International Operations
The company's international operations, which account for approximately 17% of total net sales, have been a source of growth, with the International segment reporting a 2% increase in net sales and a 41% jump in segment adjusted EBIT during the third quarter. Clorox's focus on expanding its presence in markets outside the United States, such as the Middle East, Europe, and Asia, is expected to contribute to its long-term growth.

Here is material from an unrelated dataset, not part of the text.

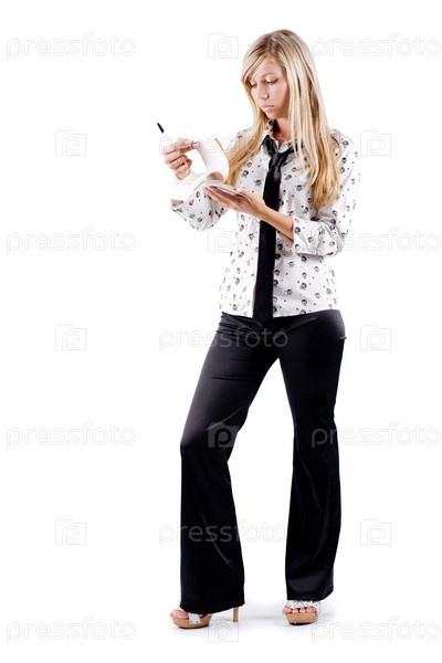 Девушка с блокнотом и авторучкой в руках

Innovation and Brand Building
Clorox's commitment to innovation and brand building is evident in its investment in advertising and sales promotion, which increased to 11.9% of net sales in the third quarter, up from 10.8% in the prior-year period. The company's focus on developing new products and enhancing its existing offerings is crucial in maintaining its market leadership and driving future growth.
Operational Efficiency
The company's streamlined operating model and digital transformation initiatives are expected to enhance its ability to respond to changing consumer behaviors and innovate faster. Clorox anticipates the implementation of this new model will be completed in fiscal year 2024, with the potential to generate annual cost savings of $75 million to $100 million.
Conclusion
While Clorox faces ongoing challenges, such as inflationary pressures, supply chain disruptions, and macroeconomic uncertainty, the company's strong brand portfolio, operational resilience, and strategic initiatives position it well to navigate these headwinds and deliver long-term value for its shareholders.